Nel post-parto generalmente i consumi alimentari dell’animale subiscono una flessione, che potrebbe condizionare in modo negativo l’intera lattazione. L’aggiunta di Bicarbonato di Sodio alla razione incrementa l’assunzione di cibo, conferendo energia al bovino e garantendo un’elevata quantità di latte prodotto con un’elevata percentuale di grasso al suo interno.

BOVINO DA CARNE:

Gli studi dimostrano che il bicarbonato di sodio ha un effetto positivo sia relativamente alla crescita che all’indice di conversione alimentare.

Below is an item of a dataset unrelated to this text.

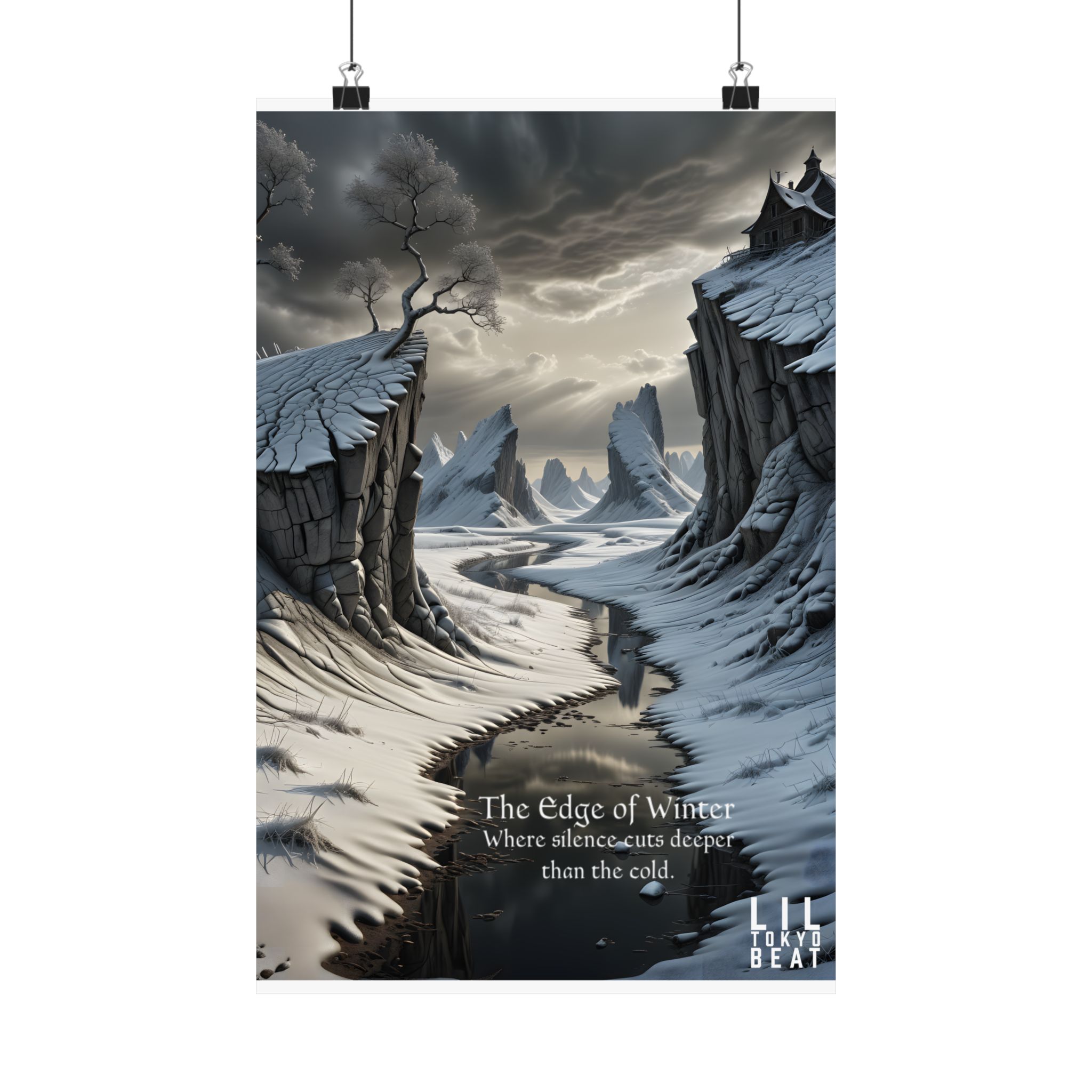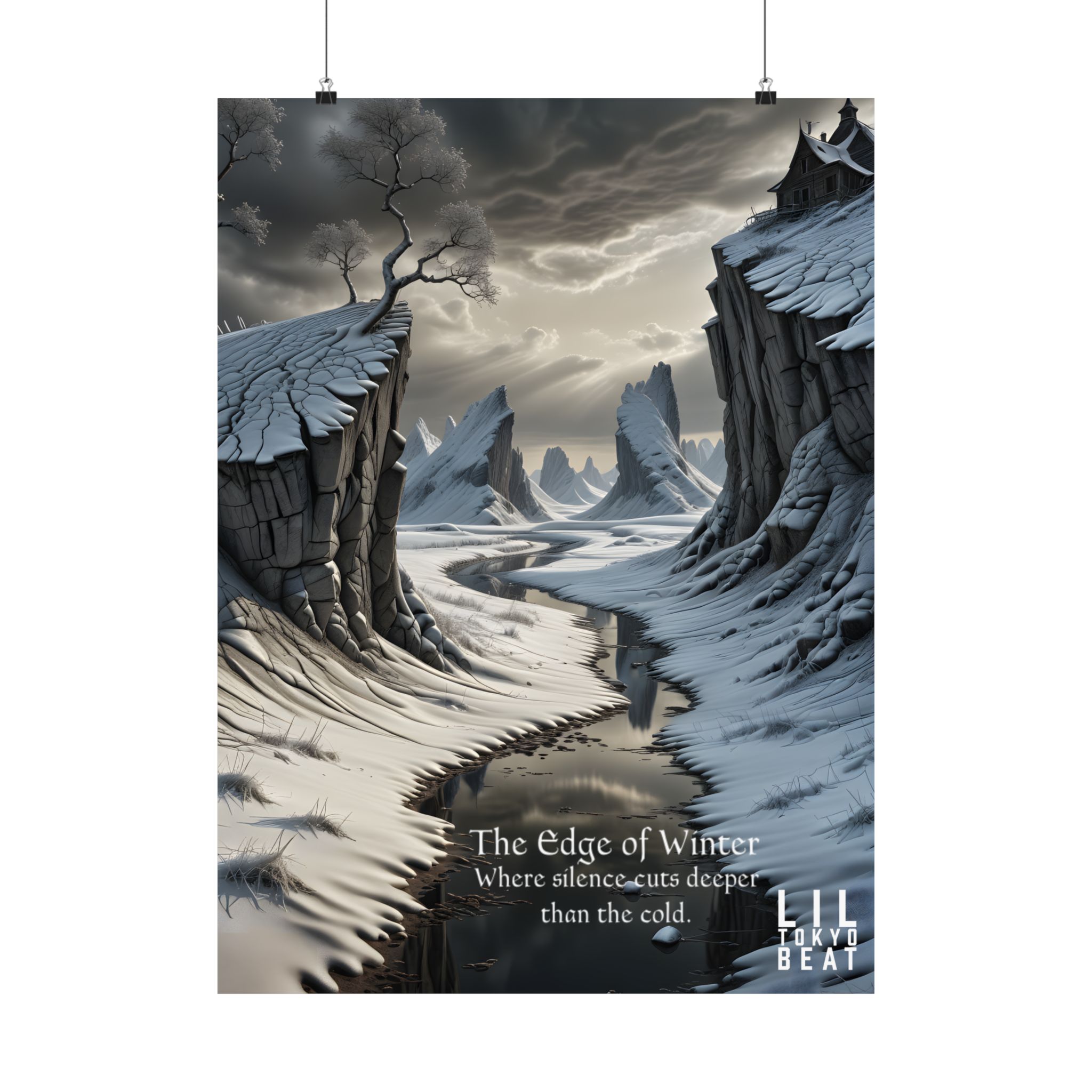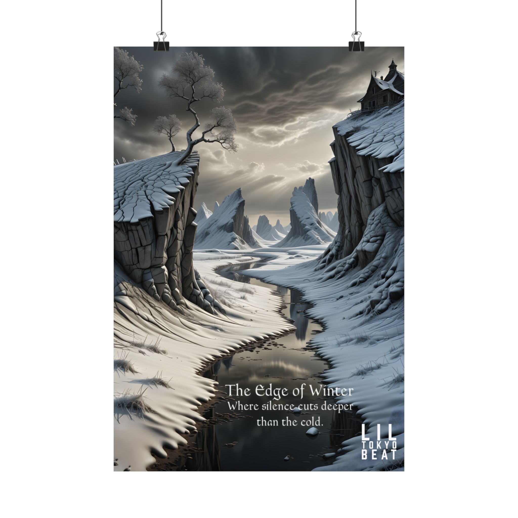 This matte vertical poster brings a quiet, stark landscape into the room — a frozen gorge under an iron sky, wind-carved cliffs, and a black river that seems to swallow sound. The scene reads like the first page of a winter fable: cool grays and slate blues rendered in rich giclée pigments on archival museum-grade paper that won’t yellow with time. The soft matte finish keeps reflections low so the details and mood stay intact under warm indoor lighting. Hang it where you want a contemplative pause — a study, bedroom, or hall — and let it set a calm, slightly wild tone for the space.

Si attribuiscono alla sostanza anche gli effetti di adattamento da parte degli animali a repentini cambiamenti di composizione della razione ed effetti di antistress.

SUINO:

I suini da carne hanno riscontrato molti effetti positivi riconducibili ad una maggiore ritenzione azotata e ad un'attenuazione dello stress causato dalla permanenza in allevamento e dalla presenza di elevata umidità e temperatura. È stato inoltre riscontrato un effetto positivo sulla sindrome di debolezza degli arti sulle manifestazioni di osteocondrosi e un'attenuazione delle ulcere gastriche.
Se il bicarbonato di sodio viene somministrato nelle fasi precedenti alla macellazione si riscontra un miglioramento della tenerezza delle carni e l’eliminazione di aromi e sapori tipici.
Gli studi effettuati dimostrano che la sua integrazione all’interno della dieta dell’animale determina una maggior crescita ed un miglioramento della conversione alimentare.
L’utilizzo di bicarbonato sulle scrofe in fase di lattazione determina una maggior ingestione di sostanza secca, permettendo ai suinetti di raggiungere un peso superiore al termine dell’allevamento.

OVAIOLA:

Aggiungere alla razione delle ovaiole il bicarbonato di sodio, determina un incremento dei livelli di produzione delle uova ed un miglioramento dello spessore del guscio.

BROILER E TACCHINO:

Gli studi hanno dimostrato che l’aggiunta di bicarbonato di sodio alla dieta di broilers e tacchini riduce sensibilmente l’incidenza delle alterazioni degli arti e la mortalità negli allevamenti.
Si rileva inoltre un miglioramento dell’efficienza di conversione alimentare ed un effetto antistressante.